I've been wanting to make a site using the Castle Project for a while now and I finally took some time out yesterday to give it a whirl. First impressions, awesome... I can't wait to get fully stuck into it! Which should be about 1 minute after writing this! :-)

I've just finished using CakePHP for a big project, so MonoRail's MVC way of thinking isn't foreign to me. I've also been wanting to have a look at NHibernate and ActiveRecord is built on top of NHibernate so I can get a bit of a low down on how NHibernate works too. I'll have to get to grips with this NVelocity view engine thou... it seems easy enough when I follow the tutorials but they're obviously not that complicated! ;-)

So anyway, I got MonoRail and ActiveRecord working fine on my local machine by downloading the RC2 MSI installer from their site and creating a new project inside VS. But when I then tried to upload this site to my shared host (KiwiHosting), it spat out this exception:

[SecurityException: That assembly does not allow partially trusted callers.]

After some searching on the net I found this forum message that related to the exception.

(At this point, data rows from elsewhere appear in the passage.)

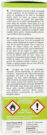- De vloeistof tast bepaalde materialen aan. Vermijd daarom contact met kunststoffen (o.a. brilmonturen), synthetische/lederen kleding en gelakte oppervlakken (o.a. tafelbladen).
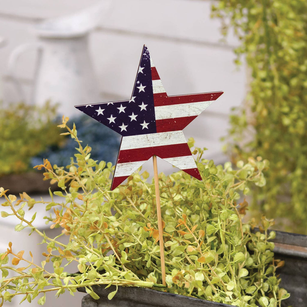 This 13.3" Antiqued USA Flag Star Pick brings a charming, rustic Americana vibe to your summer celebrations—perfect for Memorial Day, the Fourth of July, or simply showing patriotic pride in a timeless, artful way.
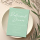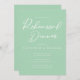 Este convite de janto de ensaio verde de menta macia apresenta um guião branco chic para um doce evento de primavera ao ar livre. Simples tipografia em um convite verde pastel sólido tranquilo para um local de jardim.
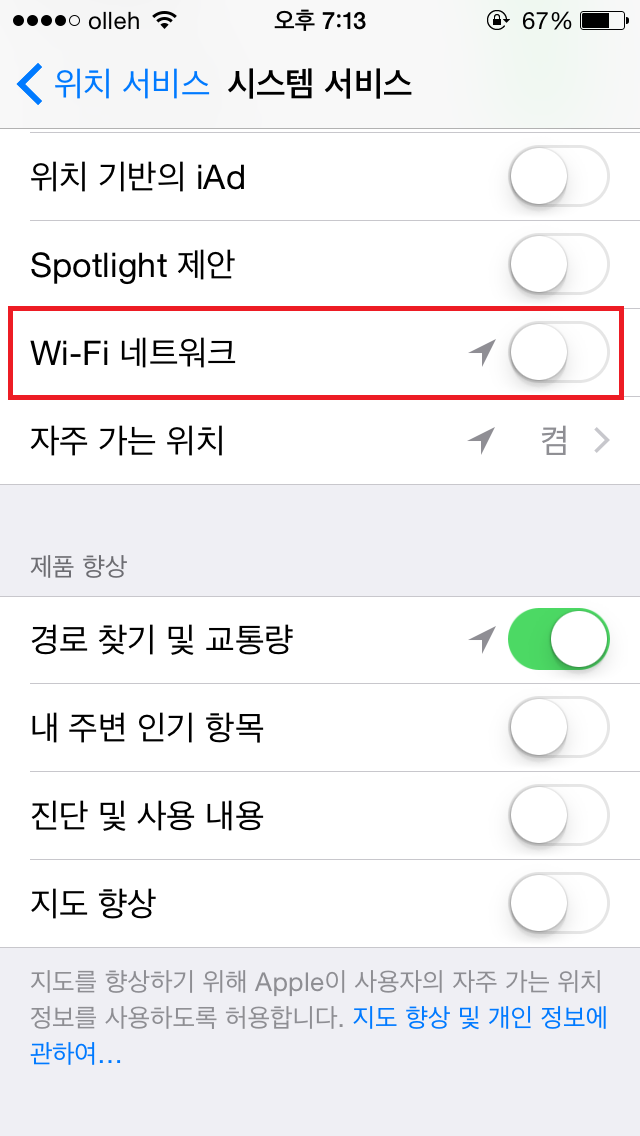 네트워크 설정 재설정을 했음에도 와이파이 연결이 불안정하다면 아이폰의 설정>개인 정보 보호>위치 서비스>시스템 서비스에서 Wi-Fi 네트워크 버튼을 끄고 와이파이를 다시 연결해 보시기 바랍니다.
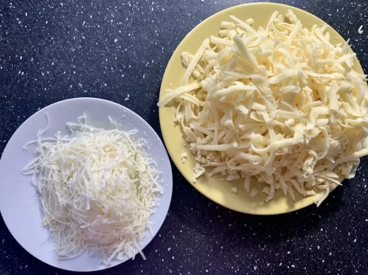 Ser: Zetrzyj sery (Gouda/Edam + pecorino/parmezan).
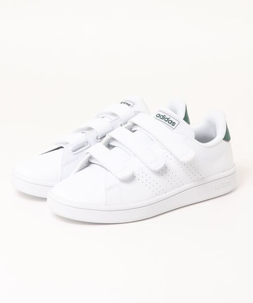 テニスシューズにインスピレーションを受けた定番人気の「ADVANCOURT」シリーズから、ついに3ストラップバージョンが登場! 滑らかなシンセティックレザーにパンチングのスリーストライプスを施した、オーソドックスなデザイン。3本のストラップでフィット感を調節できるうえ、脱ぎ履きも簡単です◎ ホワイトを基調としたクリーンなルックスに、カラーのヒールパッチが軽快なアクセントに。無駄を削ぎ落としたミニマルなルックスは、どんな着こなしにも取り入れやすく、洗練された大人のカジュアルスタイルを演出します。 清潔感のあるホワイトスニーカーは、ワードローブに1足は持っていたいテッパンアイテム! クラシックな雰囲気はそのままに、さりげなくエッジを効かせたディテールで、コーディネートに差を付けてくれるアイテムです。 ※展開サイズ:レディース ・素材:合成皮革 ・アウトソール:ゴム底 ・サイズ感:やや大きめ(個人差がございますので目安です)
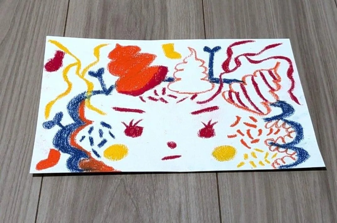 オイルパステルで描きました。B5サイズ(257mm×182mm)のシリウス水彩画紙を使用しております。表面にパステルフィキサチフをかけております。額縁なしです。
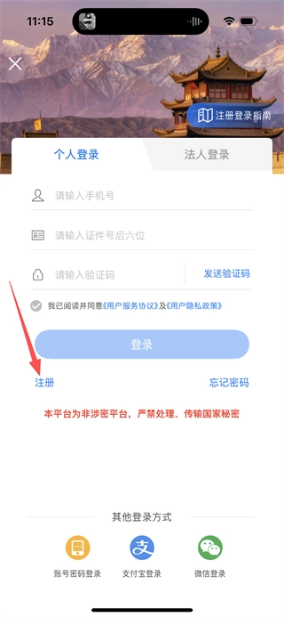 3、在登录页面,点击注册选项,进入注册使用说明页面。

In there it said that I needed to compile it again from the source files, but this time allowing support for shared environments (partially trusted).

So I then downloaded the source code to do this build and then found that I had to use NAnt to build it, so I went and got that too. To build castle with support for shared environments you must run this:

nant -D:assembly.allow-partially-trusted-callers=true

But when I ran that line I would get a build error like this:

CastleKey.snk missing

Cannot find 'CastleKey.snk' huh? Hmmm... I remembered that inside the 'How to buil.txt' file that came with the source you could add '-D:sign=false' to compile a version that wasn't strongly signed. So I tried that... it seemed to get a bit further but again didn't make it.

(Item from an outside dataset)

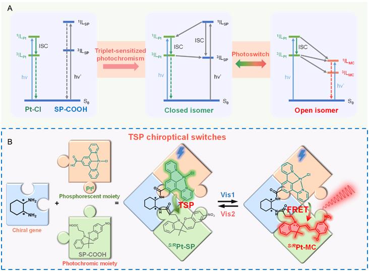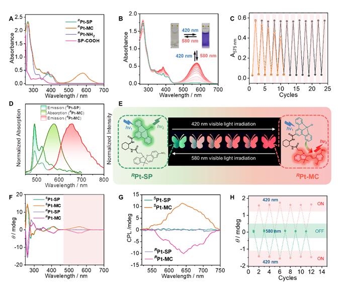 基于环金属铂(II)配合物的组装调控以及丰富的光物理性质研究基础,利用金属中心的三重态敏化效应,可以实现可见光光开关,降低辐照能量的同时,有效提升了开光分子的光稳定性以及抗疲劳性。另外,基于发绿光的环金属Pt(II)配合物部分与开环的MC异构体之间存在有效的共振能量转移(FRET)效应,不仅可以提升材料的发光性能,而且可以用于发光行为的动态调控,丰富发光开关的性质。由于四方平面铂(II)配合物的刚性特点以及分子开关结构的不对称性,同时实现手性放大以及金属Pt(II)中心到开环部花青部分的手性传递,最终得到激发态CPL信号(图2)。
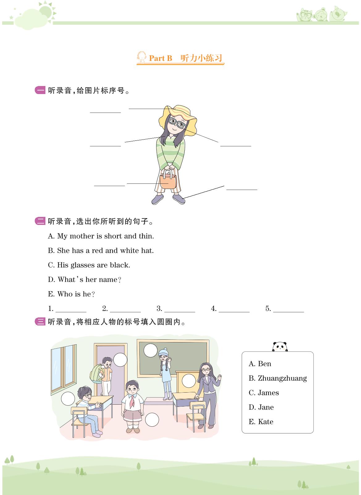 2020上册四年级英语PEP版 Unit 3——Part B 听力小练习

After some more searching I found a site (can't find it again today) that said you can't actually build it without the 'CastleKey.snk' file and that it was inside the Castle Subversion Repositry. So I checkout the repository to my local machine and finally the build worked! Then replaced all my references within VS, did another build of my own site, uploaded it and voila! Castle was working on my shared hosting environment!

So, just to recap on the process required to get castle up and running on a shared hosting enviroment1:

  1. Check out the Castle Subversion repositry to a local directory. Note: Make sure there are no spaces in any of the directory names, eg. C:\Program Files\Castle\repo won't work.
  2. Download NAnt (was at version 0.85 at time of writing) and extract the files to your hard drive.
  3. Add the bin directory for NAnt to your 'Path' system variable2.
  4. From the command prompt inside your Castle Subversion repository directory type:
    nant -D:assembly.allow-partially-trusted-callers=true
    All the compiled assemblies can now be found in a build directory under your castle subversion repository.
  5. Create a new blank project inside VS and add references to the following freshly compiled assemblies.

    For MonoRail:

    1. Castle.MonoRail.Framework.dl
    2. Castle.MonoRail.Framework.Views.NVelocity.dll
    3. Castle.Components.Binder.dll
    4. Castle.Components.Common.EmailSender.dll
    5. Castle.Core.dll
    6. NVelocity.dll

    For ActiveRecord:

    1. Castle.ActiveRecord.dll
    2. Castle.DynamicProxy.dll
    3. Iesi.Collections.dll
    4. log4net.dll
    5. NHibernate.dll
  6. Unless you can convince your hoster to map .rails extensions to the ASP.Net ISAPI you should also edit/add this to your web.config file with this:
<httpHandlers>
    <add verb="*" path="*.ashx"
        type="Castle.MonoRail.Framework.MonoRailHttpHandlerFactory, Castle.MonoRail.Framework" />
</httpHandlers>
  1. Now you have to make sure all your files link to the ashx extension.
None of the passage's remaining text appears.